Let $A(t)$ be the area of the square at time $t$, let $\ell(t)$ be the length of the side of the square at time $t$.
We are given the following information: the rate at which the length of the side (that is, $\ell(t)$) changes is 6 units per second. This is a way of giving you information about the derivative of $\ell$. That is, it's telling you that the rate of change of $\ell$ with respect to time (why time? because it's "per second") is $6$ units per second. In symbols, it's telling you that"
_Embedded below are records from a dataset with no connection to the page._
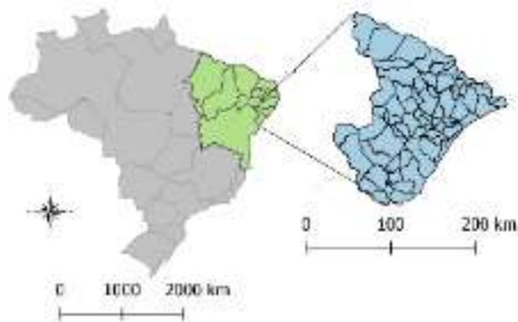
Figure 1. Map of Brazil with emphasis on the Northeast region and the state of Sergipe.

This is an ecological population-based study of the retrospective time-series type, using techniques of spatial analysis and bivariate and multivariate logistic regression. For this study, data from all cases of leprosy recurrences notified by the health centers of the municipalities to the SINAN (Information System on Notifiable Diseases) in the state of Sergipe, Brazil, from 2007 to 2017, were used. This system consists of a database of the Secretariat of Health of all states in Brazil, to report information on sociodemographic and clinical characteristics and the address of mandatory reporting diseases (Santos et al., 2019). The study took place in the state of Sergipe (Figure 1). It is one of the nine states located in the Northeast of Brazil; whose capital city is Aracaju. It is the smallest Brazilian state with a territory of 21,962.10 km 2 . In its administrative political organization, it has 75 municipalities grouped in three mesoregions and 13 microregion (IBGE, 2019).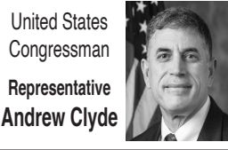
United States Congressman Representative Andrew Clyde

The Department of Justice's years-long investigation into Hunter Biden came to a head last week as the President's son reached a plea agreement on charges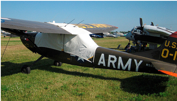
L-19 Canopy Cover (similar to Siai Marchetti 1019)

This cover type is made from Silver Acrylic Sunbrella canvas and is 100% lined with a soft and smooth microfiber. Bruce's Custom Covers developed this material combination especially for aircraft protection. The outer material is medium weight and treated for water resistance, UV resistance and anti-static buildup. The inner lining is a very soft and smooth microfiber to prevent scratching. The material is very reflective, and tests show that the cabin interior temperature can be reduced to near-ambient temperature on the hottest of days. It is water, ice and snow repellent, yet breathable to allow moisture to escape from between the cover and the aircraft surface.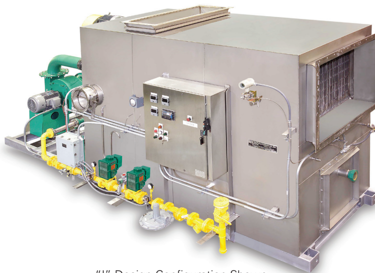
"L" Design Configuration Shown

The ER Indirect Air Heater is a completely packaged system that includes the heat exchanger, recirculation fan, combustion chamber, burner,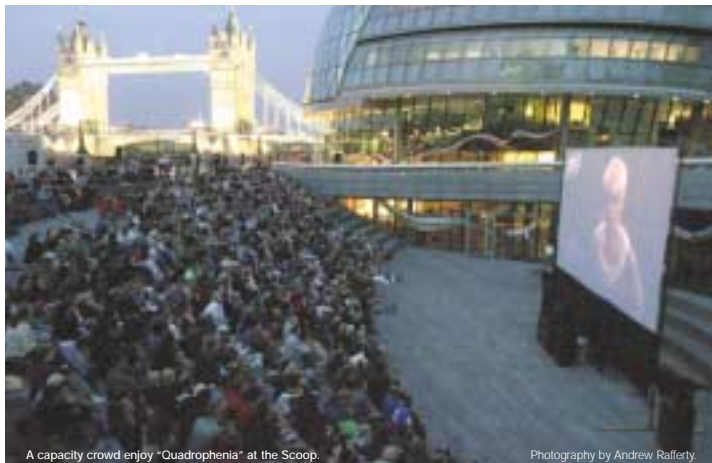
A capacity crowd enjoy "Quadrophenia" at the Scoop.

The overwhelming response from the audience was extremely positive and there have been numerous requests to extend the season further into the summer. There isn't space in the programme to extend this year, however, the free film season will return to the Scoop next summer.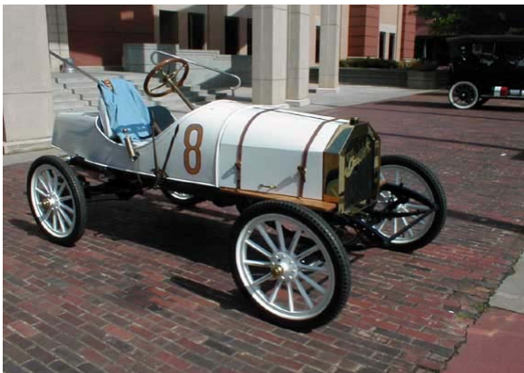
(1908 Buick Model 10 re-bodied as a racer)

Are you ready for more?? While driving the Elec, we found a nice 1923 Franklin 2-dr sedan. I had no more then bought it, when a rep for NY State came along and wanted the Franklin to be put in the NY State Exhibit being set up for the Worlds Fair - so I let them have the car. Now the government wanted me to move again, so I took our modern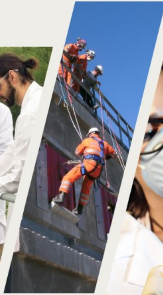
Fire & Emergency Services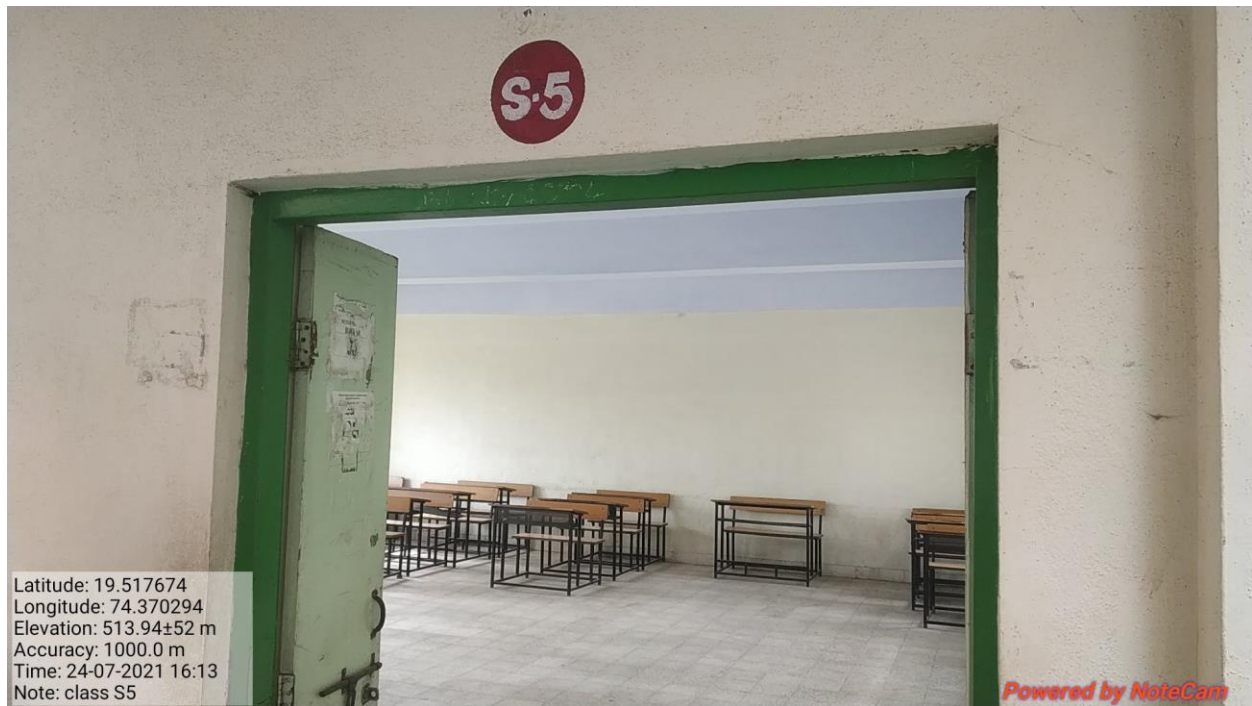
Class – S-5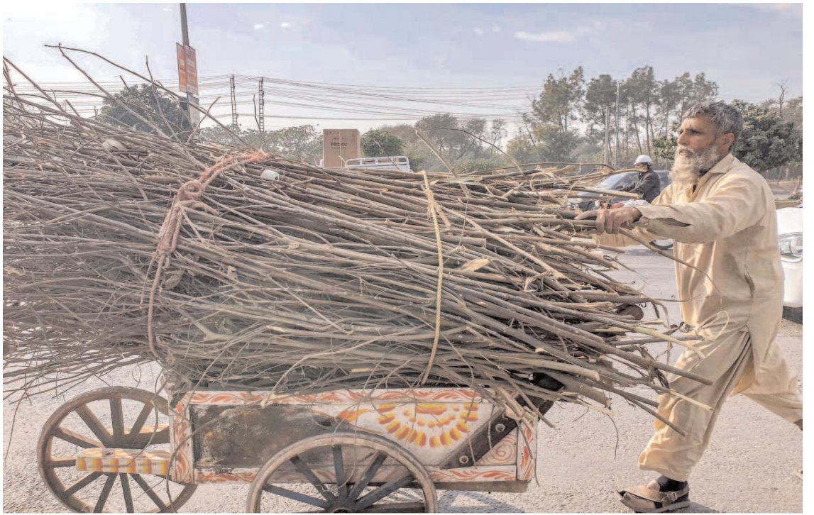
ISLAMABAD: An aged man on his way with a handbarrow loaded with dry woods, collected for domestic use in the Federal Capital.

The official said that it also mentioned Section 12 of the Railway Act of 1890 that the district administration or road authority should bear the expenses for the upgrade of these unmanned level crossings.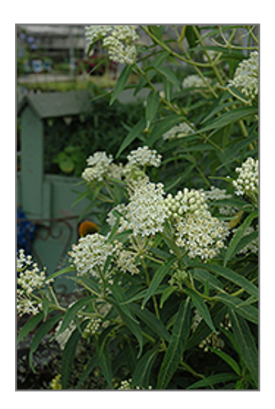
Ice Ballet Milkweed flowers

Ice Ballet Milkweed is recommended for the following landscape applications;

$$\frac{d\ell}{dt} = 6\text{ units/second}$$
We are asked to find how fast the area is changing when the area is 16 square units. "How fast" is a dead giveaway that they are asking you for the rate of change of the area; that is, they are asking you for the value of $\frac{dA}{dt}$, the derivative of the area, when the area is equal to 16. In symbols, they are asking you to find:
$$\frac{dA}{dt}\Bigm|_{A=16}.$$
The first step, as in any related rates problem, is to find an equation that relates the quantities involved, in this case the length of the side $\ell$ and the area $A$. The relation between $A$ and $\ell$ is given by:
$$A = \ell^2.$$
(Geometry: the area of a square is the square of the length of the side)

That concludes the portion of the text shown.